A module for forward model (JansenRit) to simulate EEG signals

Methods

createIC(self, ver):	Creates the initial conditions for the model.
createDelayIC(self, ver):	Creates the initial conditions for the delays.
setModelParameters(self):	Sets the parameters of the model.
forward(input, noise_out, hx)	Forward pass for generating a number of EEG signals with current model parameters

__init__(params: JansenRitParams, node_size=200, TRs_per_window=20, step_size=0.0001, output_size=64, tr=0.001, sc=array([[1., 1., 1., ..., 1., 1., 1.], [1., 1., 1., ..., 1., 1., 1.], [1., 1., 1., ..., 1., 1., 1.], ..., [1., 1., 1., ..., 1., 1., 1.], [1., 1., 1., ..., 1., 1., 1.], [1., 1., 1., ..., 1., 1., 1.]]), lm=array([[1., 1., 1., ..., 1., 1., 1.], [1., 1., 1., ..., 1., 1., 1.], [1., 1., 1., ..., 1., 1., 1.], ..., [1., 1., 1., ..., 1., 1., 1.], [1., 1., 1., ..., 1., 1., 1.], [1., 1., 1., ..., 1., 1., 1.]]), dist=array([[1., 1., 1., ..., 1., 1., 1.], [1., 1., 1., ..., 1., 1., 1.], [1., 1., 1., ..., 1., 1., 1.], ..., [1., 1., 1., ..., 1., 1., 1.], [1., 1., 1., ..., 1., 1., 1.], [1., 1., 1., ..., 1., 1., 1.]]), use_fit_gains=True, use_laplacian=True, use_fit_lfm=False)

Parameters:

node_size: int

Number of ROIs

TRs_per_window: int # TODO: CHANGE THE NAME

Number of EEG signals to simulate

step_size: float

Integration step for forward model

output_sizeint

Number of EEG channels.

trfloat # TODO: CHANGE THE NAME TO sampling_rate

Sampling rate of the simulated EEG signals

sc: ndarray node_size x node_size float array

Structural connectivity

lm: ndarray float array

Leadfield matrix from source space to EEG space

dist: ndarray float array

Distance matrix

use_fit_gains: bool

Flag for fitting gains. 1: fit, 0: not fit

use_laplacian: bool

Flat for using laplacian. 1: yes, 0: no.

use_fit_lfm: bool

Flag for fitting the leadfield matrix. 1: fit, 0: not fit

params: ParamsJR

Model parameters object.

createDelayIC(ver, delays_max=500, state_lb=-0.5, state_ub=0.5)

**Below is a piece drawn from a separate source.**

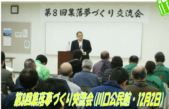
第8回集落夢づくり交流会(川口公民館・12月2日)

3 年生が 4 班に別れ「交通」、「高齢化」、「産業」、「絆」をテーマに今まで取り組んできた成果を、協力いただいた地域の皆さんなどを前に発表しました。

Creates the initial conditions for the delays.

Parameters:

verint

Initial condition version. (in the JR model, the version is not used. It is just for consistency with other models)

Returns:

torch.Tensor

Tensor of shape (node_size, delays_max) with random values between state_lb and state_ub.

createIC(ver, state_lb=-0.5, state_ub=0.5)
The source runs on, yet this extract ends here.